"""

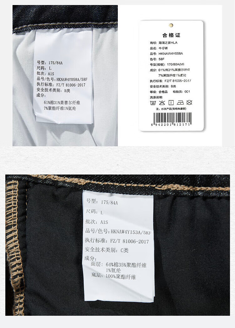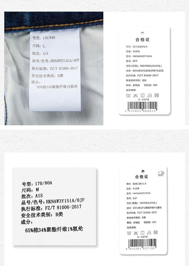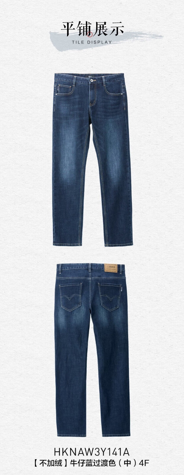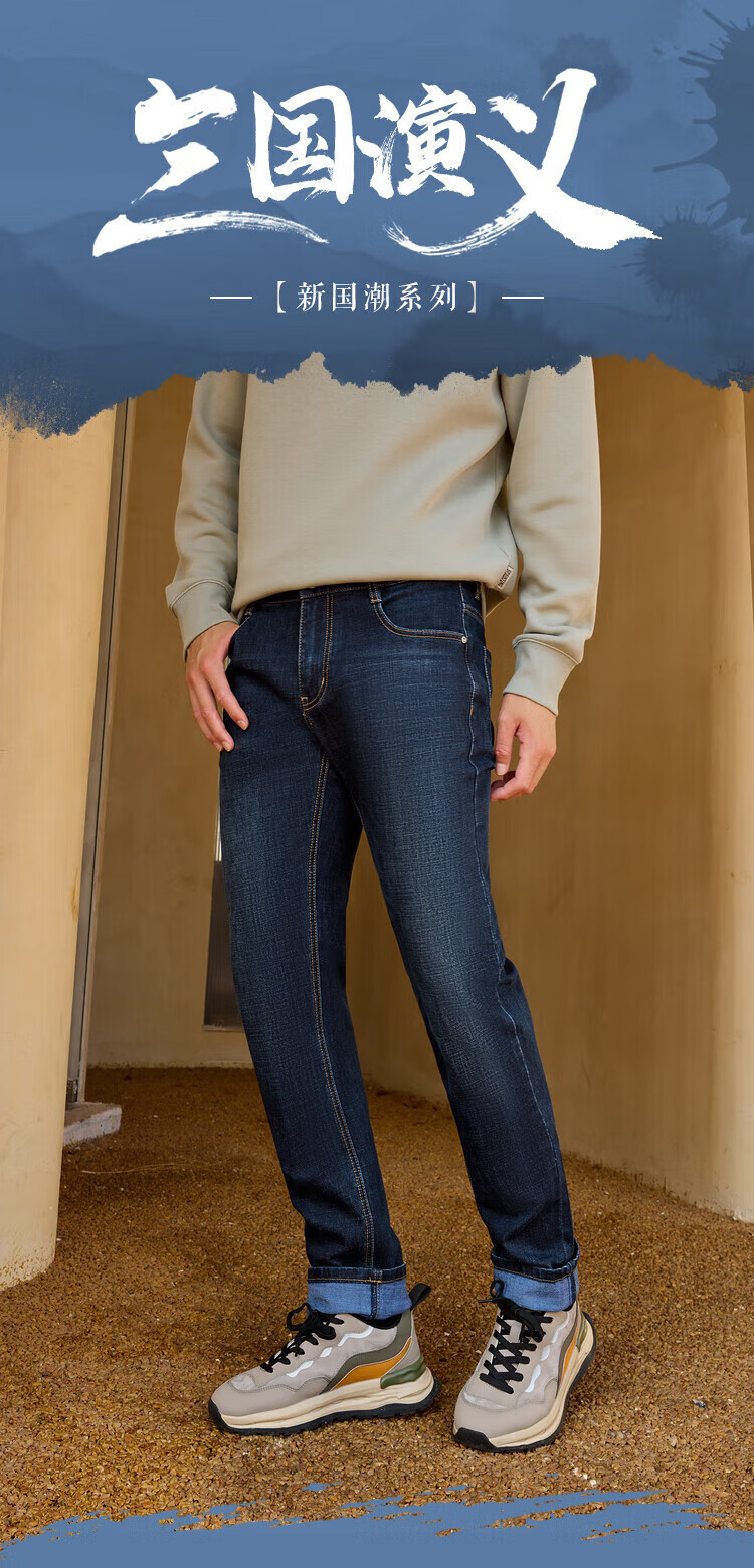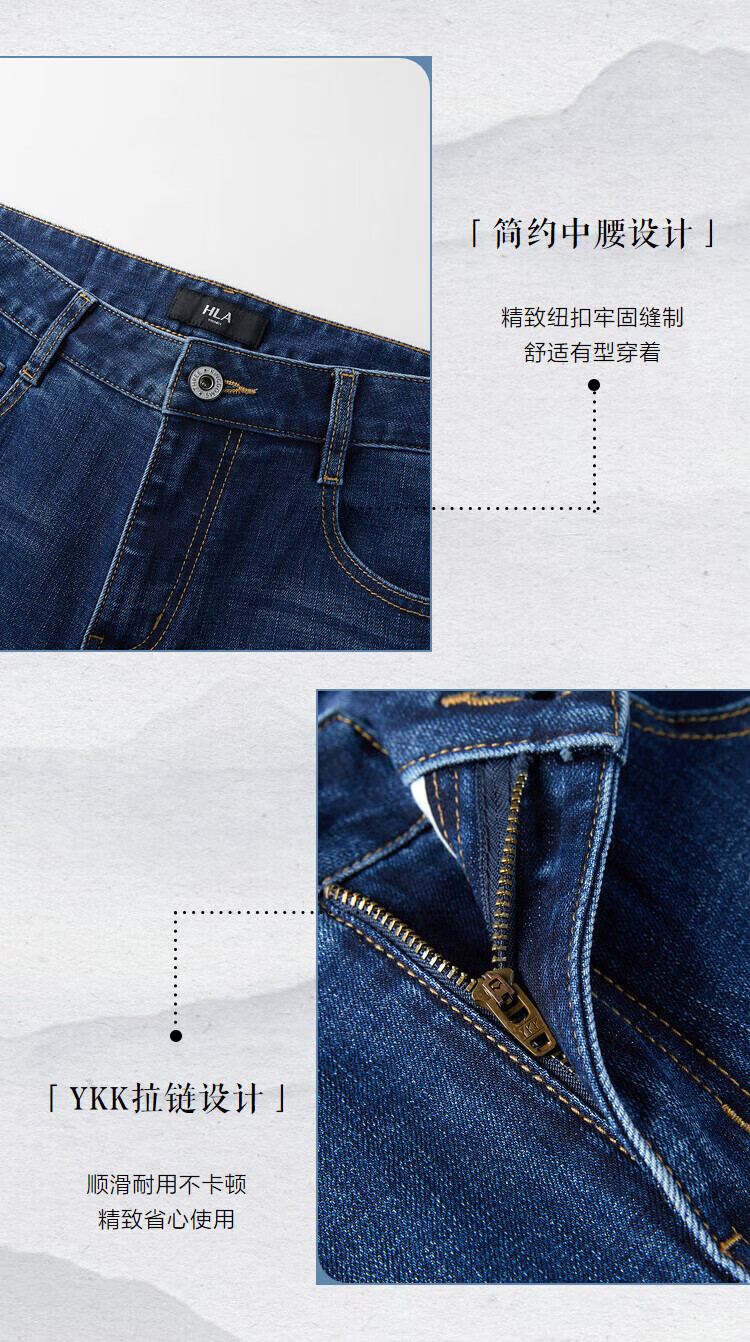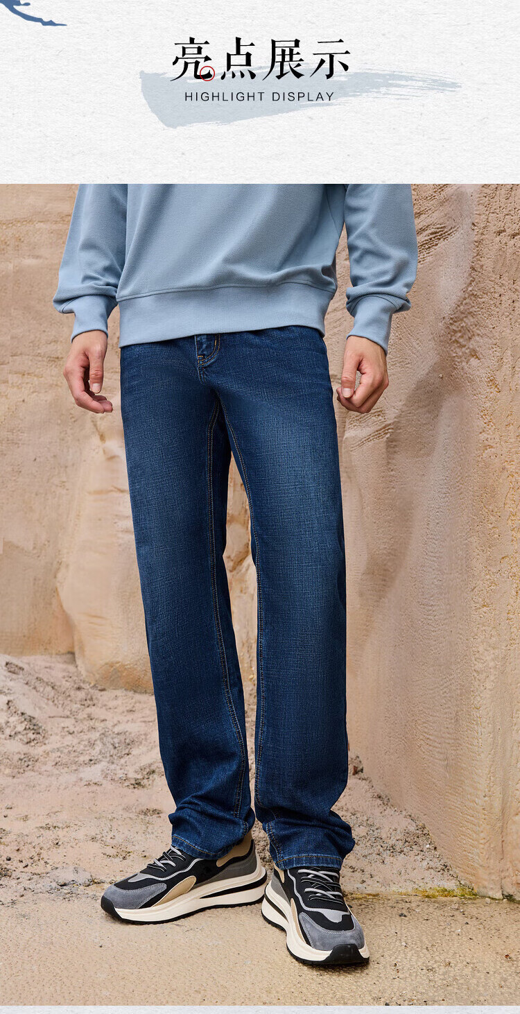 HLA Hai Lan House Jeans Men's Romance of the Three Kingdoms Large Size Straight Pants Five Pocket Pants Men Denim Blue Transition Color (Medium) 4F XL 180/88A (XL) Recommended 72-78kg
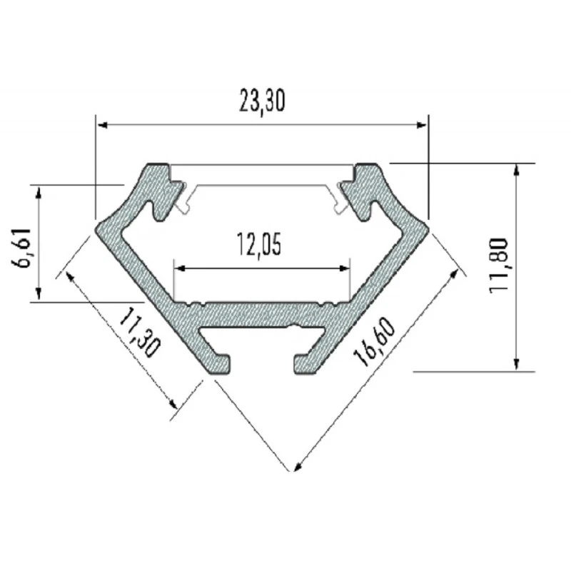 Overall – H 16.6 x W 23.3 x L 2000mm
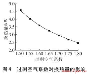 過(guò)剩空氣系數(shù)改變會(huì)影響煙氣進(jìn)口溫度[2],也會(huì)引起煙氣流量變化,使煙氣側(cè)換熱效果發(fā)生變化[3]。保持其他參數(shù)不變,過(guò)??諝庀禂?shù)從1.5增至1.8。根據(jù)燃燒后煙氣總焓不變的原則,計(jì)算出不同過(guò)??諝庀禂?shù)下的煙氣溫度和煙氣流量,代入單管模型進(jìn)行計(jì)算,計(jì)算的換熱量見(jiàn)圖4。過(guò)??諝庀禂?shù)每下降0.1,換熱量可增大20%左右。過(guò)??諝庀禂?shù)增大時(shí),煙氣流量雖然增加,但因燃燒溫度降低使煙氣流速減小,hf減小,使傳熱量減小。故應(yīng)在保證污染物排放不超標(biāo)的前提下,盡量減小過(guò)??諝庀禂?shù)。
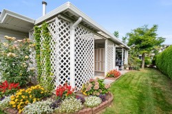Charming 2-bedroom, 2-bathroom ranch-style home located in a well-regarded 55+ community. Step inside to a bright and updated home with a practical layout designed for comfort. Classic white kitchen with ample dining space and abundant storage. Relax in the spacious living and dining area featuring a natural gas fireplace for cozy evenings. The spacious primary bedroom offers generous storage with double closets & an en-suite that provides a touch of luxury. The second bedroom serves as a guest room or home office. A private covered patio, suitable for year-round enjoyment and a front patio ideal for friendly conversations with neighbours. Carport with outside storage & close proximity to the clubhouse. Vibrant community with various events & walking distance to shopping & dining.
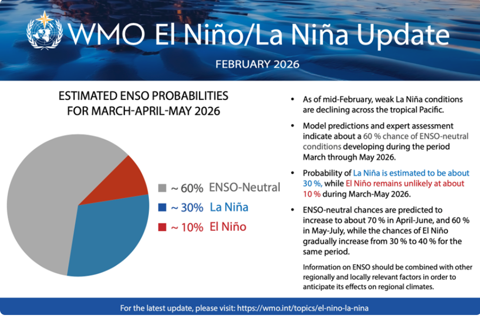World Meteorological Organization (WMO) 2026 පෙබරවාරි මාසයේදී නිකුත් කරන ලද යාවත්කාලීන කිරීම්වලට අනුව මාර්තු සිට මැයි දක්වා කාලය තුළ එල් නිනෝ තත්ත්වයක් ඇතිවීමේ අවදානම 10% පමණි. ලා නිනා තත්ත්වය දුර්වල වෙමින් පවතින අතර ඉදිරි මාසවලදී එල් නිනෝ අවදානම ක්රමයෙන් වැඩිවිය හැකි නමුත් එය තවමත් නිශ්චිත නොවන බව ඉහත වාර්තාව මගින් වැඩිදුරටත් පැවසේ.
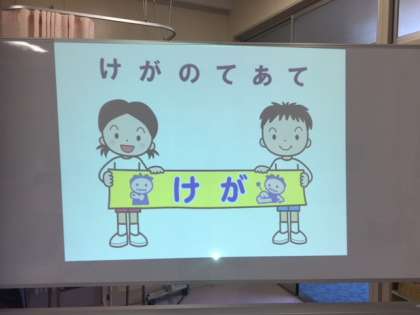 擦り傷や鼻血、やけどをしたときにまず一番初めに何をするのか手当の仕方を学びました。
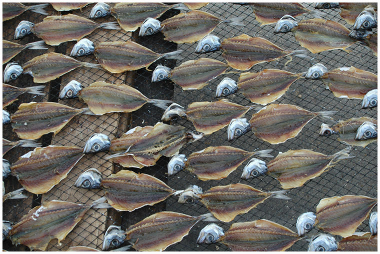 Sardinen werden am Strand von Nazare in Portugal getrocknet

"""

_Task statement_. Without any pictures, print the whole listing again exactly as it stands.

_Answer section_.
 HLA Hai Lan House Jeans Men's Romance of the Three Kingdoms Large Size Straight Pants Five Pocket Pants Men Denim Blue Transition Color (Medium) 4F XL 180/88A (XL) Recommended 72-78kg
 Overall – H 16.6 x W 23.3 x L 2000mm
 過(guò)剩空氣系數(shù)改變會(huì)影響煙氣進(jìn)口溫度[2],也會(huì)引起煙氣流量變化,使煙氣側(cè)換熱效果發(fā)生變化[3]。保持其他參數(shù)不變,過(guò)??諝庀禂?shù)從1.5增至1.8。根據(jù)燃燒后煙氣總焓不變的原則,計(jì)算出不同過(guò)??諝庀禂?shù)下的煙氣溫度和煙氣流量,代入單管模型進(jìn)行計(jì)算,計(jì)算的換熱量見(jiàn)圖4。過(guò)??諝庀禂?shù)每下降0.1,換熱量可增大20%左右。過(guò)??諝庀禂?shù)增大時(shí),煙氣流量雖然增加,但因燃燒溫度降低使煙氣流速減小,hf減小,使傳熱量減小。故應(yīng)在保證污染物排放不超標(biāo)的前提下,盡量減小過(guò)??諝庀禂?shù)。
Charming 2-bedroom, 2-bathroom ranch-style home located in a well-regarded 55+ community. Step inside to a bright and updated home with a practical layout designed for comfort. Classic white kitchen with ample dining space and abundant storage. Relax in the spacious living and dining area featuring a natural gas fireplace for cozy evenings. The spacious primary bedroom offers generous storage with double closets & an en-suite that provides a touch of luxury. The second bedroom serves as a guest room or home office. A private covered patio, suitable for year-round enjoyment and a front patio ideal for friendly conversations with neighbours. Carport with outside storage & close proximity to the clubhouse. Vibrant community with various events & walking distance to shopping & dining.
World Meteorological Organization (WMO) 2026 පෙබරවාරි මාසයේදී නිකුත් කරන ලද යාවත්කාලීන කිරීම්වලට අනුව මාර්තු සිට මැයි දක්වා කාලය තුළ එල් නිනෝ තත්ත්වයක් ඇතිවීමේ අවදානම 10% පමණි. ලා නිනා තත්ත්වය දුර්වල වෙමින් පවතින අතර ඉදිරි මාසවලදී එල් නිනෝ අවදානම ක්රමයෙන් වැඩිවිය හැකි නමුත් එය තවමත් නිශ්චිත නොවන බව ඉහත වාර්තාව මගින් වැඩිදුරටත් පැවසේ.
 擦り傷や鼻血、やけどをしたときにまず一番初めに何をするのか手当の仕方を学びました。
 Sardinen werden am Strand von Nazare in Portugal getrocknet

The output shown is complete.